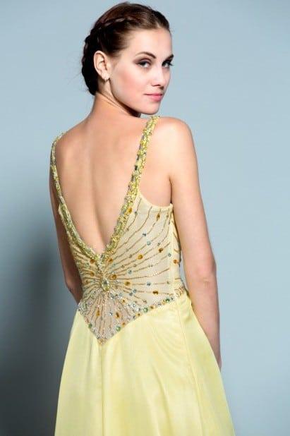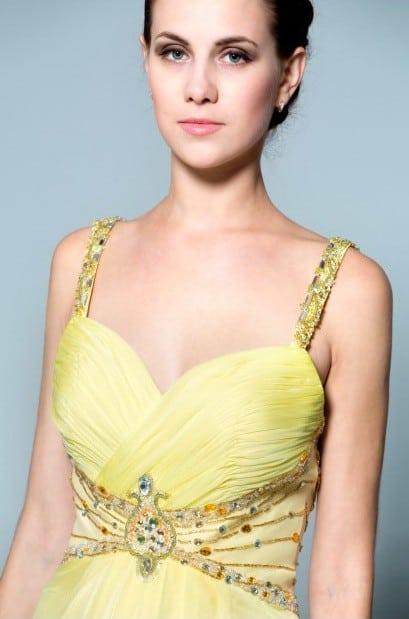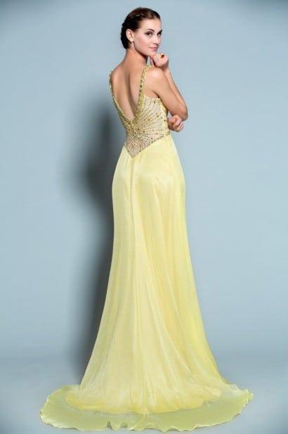 Our company produces yellow evening dresses for all special occasions. Garments like this one can be used for a variety of formal wear events. This gown has straps that are beaded. You can have these be detachable if you want to have the option of removing them. If you like empire waist dresses then this is one to consider. The beading is placed just under the bust line to create that type of waist. There is a V pattern design on the bodice for effect. The chiffon skirt is flowing and moves freely as you walk. This is a perfect dress for prom, pageant or any other semi-formal event. We have several other yellow evening dresses that can be viewed. Simply click on the tag called yellow to see others that were sampled in that color. Keep in mind all of the designer dresses on our site can be made with any changes and in any size.
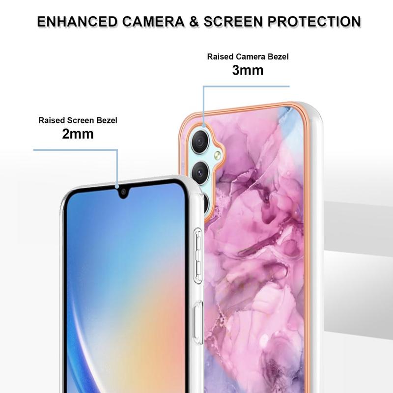 Samsung Galaxy A25 Galvanisierte IMD TPU-Hülle mit Marmormuster - Blau / Rosa
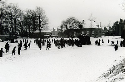 Besneeuwde Mazelaarsbrug en zakkendragershuis gezien …
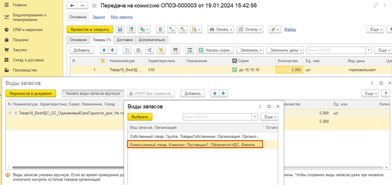 Предлагаемый вариант работы при установленной опции Контролировать запасы товаров, подлежащих резервированию по мере:
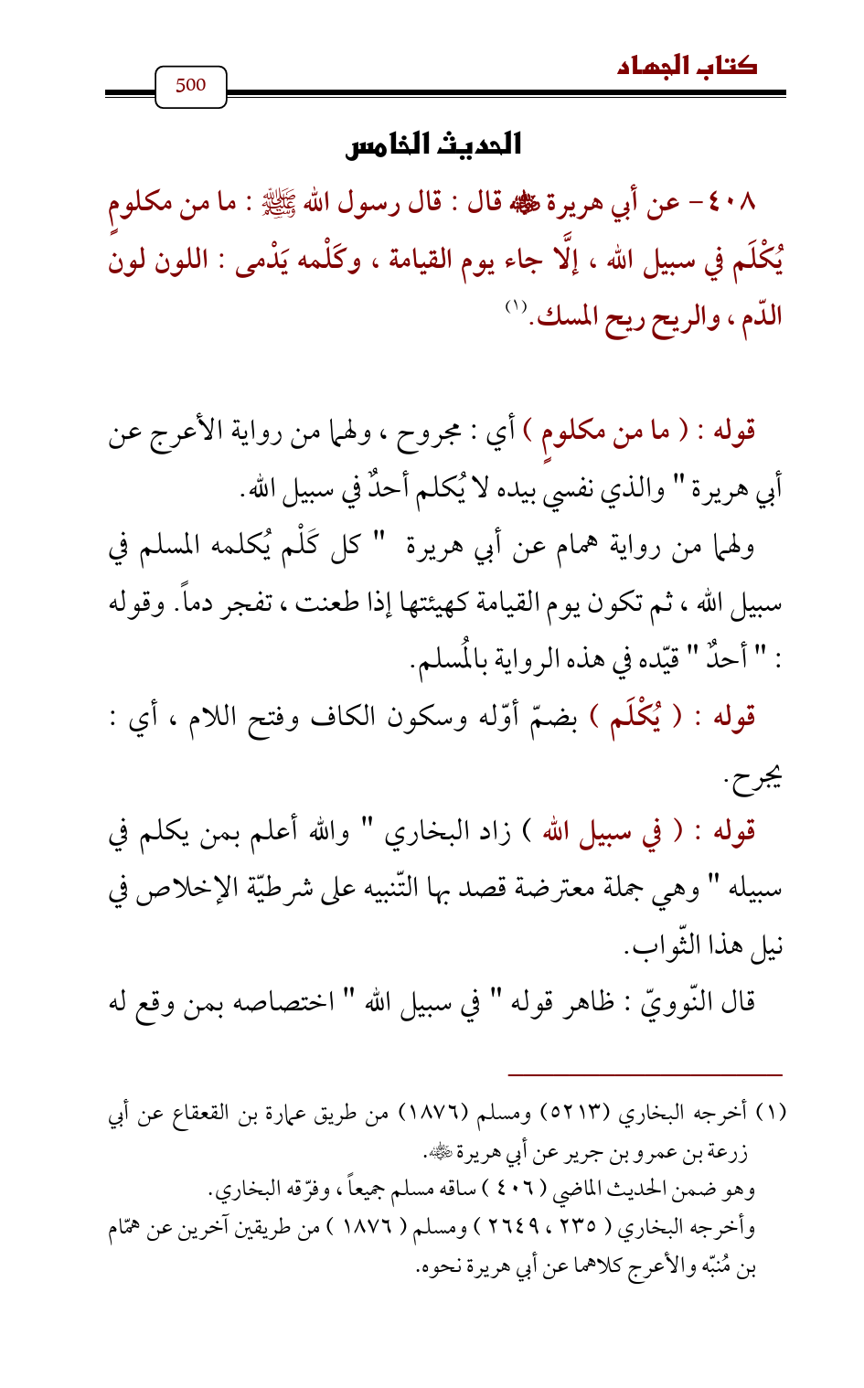 408 - عن أبي هريرة - رضي الله عنه - قال: قال رسول الله - صلى الله عليه وسلم -: ما من مكلومٍ يُكْلَم في سبيل الله، إلَّا جاء يوم القيامة، وكَلْمه يَدْمى: اللون لون الدّم، والريح ريح المسك. (¬1)
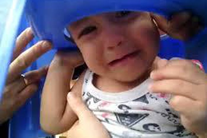 One fireman had to comfort the crying boy, who has not been named, while another cut the plastic using shears.
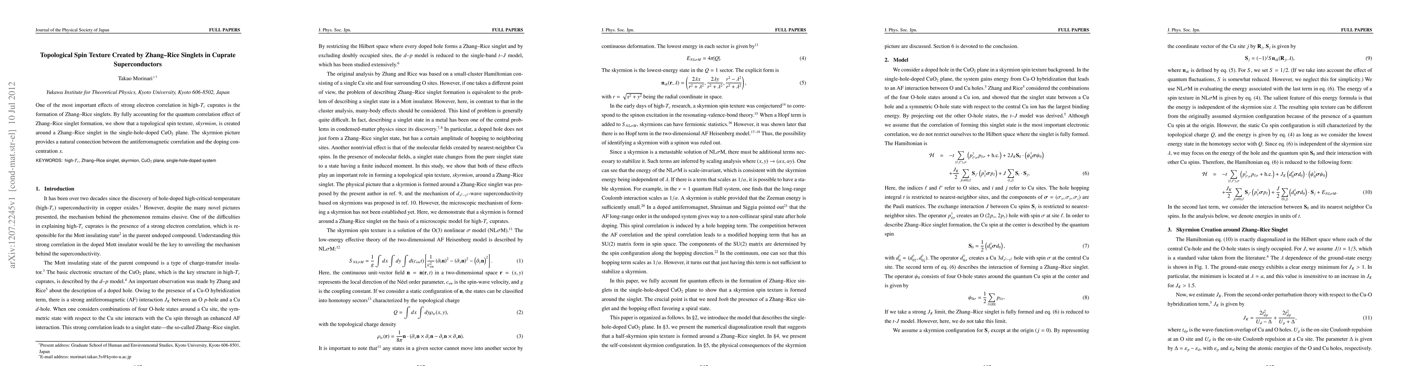 This study demonstrates that Zhang-Rice singlets in cuprate superconductors create a topological spin texture known as a skyrmion in the CuO2 plane. This skyrmion links antiferromagnetic correlation to doping concentration, highlighting the role of quantum correlation in high-Tc superconductivity.
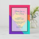 Generic party invitation. A cool geometric design. Many brightly coloured triangles and pyramids. Colours include pink, turquoise blue, bright blue, royal purple, orange and yellow. A modern contemporary design.. The middle is transparent white with a black border. Personalise / customise with your party details.
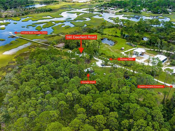 This is truly a one of a kind piece of property, it is like owning your private sanctuary on this estuary front oasis in St. Augustine. Serene sunrises to greet you each morning only to be interrupted by the calls of migratory birds and the deer feeding off the porch . Large covered boat house(with lift) granting access to some of North Florida's finest fishing. Manicured property with shell driveway a mobile home with a large deck. This land buffers 50 acres of state land to the north. Just a short boat ride to the St. Augustine Inlet and Historic St. Augustine. Don't miss this RARE opportunity to own a bit of paradise on 2.48 acres of possibilities. The Mobile Home has been used as a VRBO since January 2023(history attached). Located on this property is a small pond, a workshop with electricity and running water. So much to explore and enjoy. Check out the Video .
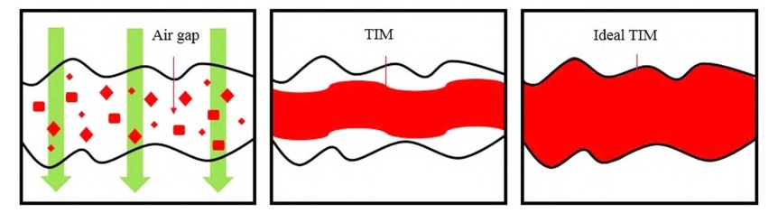 目前被廣泛應用在電子散熱等領域的材料是熱界面材料(TIM)。電子器件接觸面為固體表面相互接觸,中間存在著微觀凹凸不平的空隙,實際接觸面積僅1%到2%,空氣的熱傳導率極低僅為0.026W/(m·K),屬于不良導體,散熱效果差。當熱量傳導經過接觸界面時會受到界面熱阻,此時在間隙中添加合適的熱界面材料可以排除空氣,形成緊密連接的熱傳導通道,大幅度降低接觸熱阻,充分發揮其散熱作用。
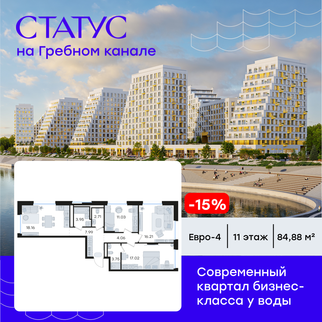 В продаже 3-комнатная квартира в новостройке жилого комплекса "СТАТУС на Гребном канале" на 11 этаже, общая площадь84,88 м.кв., кухня 18,16 м.кв. Жилой комплекс располагается по адресу Набережная Гребного канала улица . Стоимость данной квартиры составляет 19 659 999 рублей. На нашем сайте DOMEX, Вы можете оставить бесплатную on-line заявку на это предложение и с Вами свяжется напрямую застройщик.
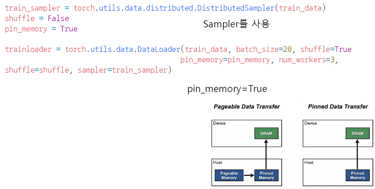 1. sampler 사용, shuffle=False, pin_memory = True
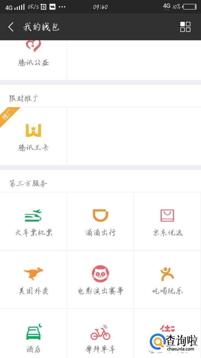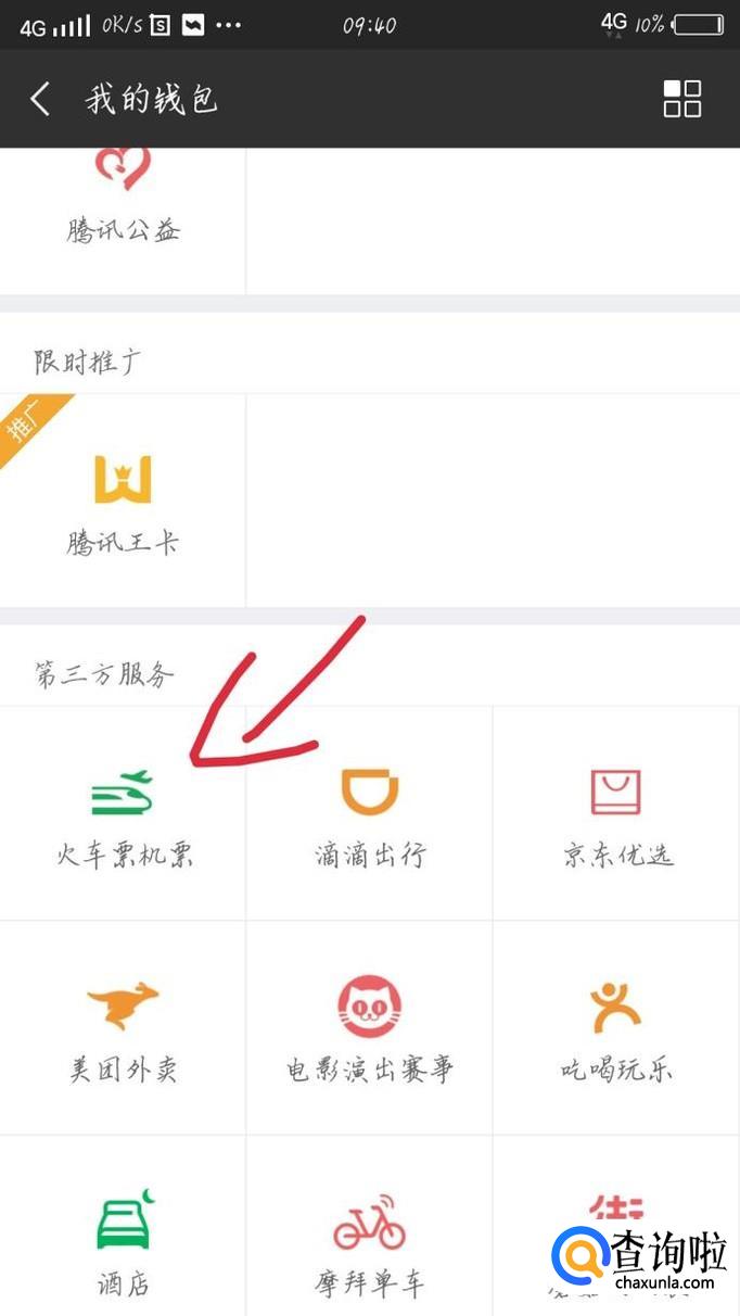 点击“钱包”这个选项,如图1箭头所示。会出现一个新的界面,如图2所示。向下滑动手机,点击“火车票机票”这个选项,如图3箭头所示。
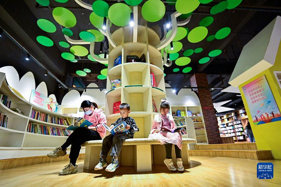 1/04月22日,人們在山東省青州市一家書店閱讀。(新華社發(fā) 王繼林/攝)
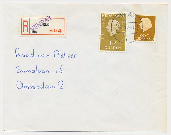 Aangetekend Venray 1973 - Overstempeld strookje Oirlo
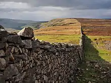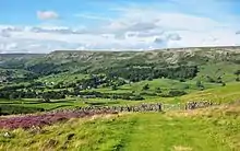 Fremington Edge is a 3-mile (5 km) long wall of crags and scree slopes that is situated to the north of the village of Reeth in Swaledale in the Yorkshire Dales National Park, England. Fremington Edge forms the south-eastern edge of Arkengarthdale, extending to the point where the dale meets Swaledale. Throughout its full length the Edge stays above the height of 1,300 feet (400 m) and reaches a highest point of 1,552 feet (473 m) at the northern end of the escarpment.[1]
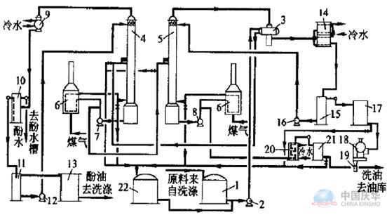 注:(1—原料槽;2—原料泵;3—原料與工業(yè)萘換熱器;4—初餾塔;5—精餾塔;6—管式爐;7—初餾塔熱油循環(huán)泵;8—精餾塔熱油循環(huán)泵;9酚油冷凝冷卻器;10—油水分離器;11—酚油回流槽;12—酚油回流泵;13—酚油槽;14—工業(yè)萘汽化冷凝冷卻器;15—工業(yè)萘回流槽;16—工業(yè)萘回流泵;17—工業(yè)萘貯槽;18—轉(zhuǎn)鼓結(jié)晶機(jī);19—工業(yè)萘裝袋自動(dòng)稱量裝置;20—洗油冷卻器;21—洗油計(jì)量槽;22—中間槽)

---

TASK INSTRUCTIONS :: Having found the line with "This study demonstrates" and the line with "This is truly" in the material above, write out exactly those two and every line between, leaving the pictures out.

SOLUTION TO THIS TASK ::
 This study demonstrates that Zhang-Rice singlets in cuprate superconductors create a topological spin texture known as a skyrmion in the CuO2 plane. This skyrmion links antiferromagnetic correlation to doping concentration, highlighting the role of quantum correlation in high-Tc superconductivity.
 Generic party invitation. A cool geometric design. Many brightly coloured triangles and pyramids. Colours include pink, turquoise blue, bright blue, royal purple, orange and yellow. A modern contemporary design.. The middle is transparent white with a black border. Personalise / customise with your party details.
 This is truly a one of a kind piece of property, it is like owning your private sanctuary on this estuary front oasis in St. Augustine. Serene sunrises to greet you each morning only to be interrupted by the calls of migratory birds and the deer feeding off the porch . Large covered boat house(with lift) granting access to some of North Florida's finest fishing. Manicured property with shell driveway a mobile home with a large deck. This land buffers 50 acres of state land to the north. Just a short boat ride to the St. Augustine Inlet and Historic St. Augustine. Don't miss this RARE opportunity to own a bit of paradise on 2.48 acres of possibilities. The Mobile Home has been used as a VRBO since January 2023(history attached). Located on this property is a small pond, a workshop with electricity and running water. So much to explore and enjoy. Check out the Video .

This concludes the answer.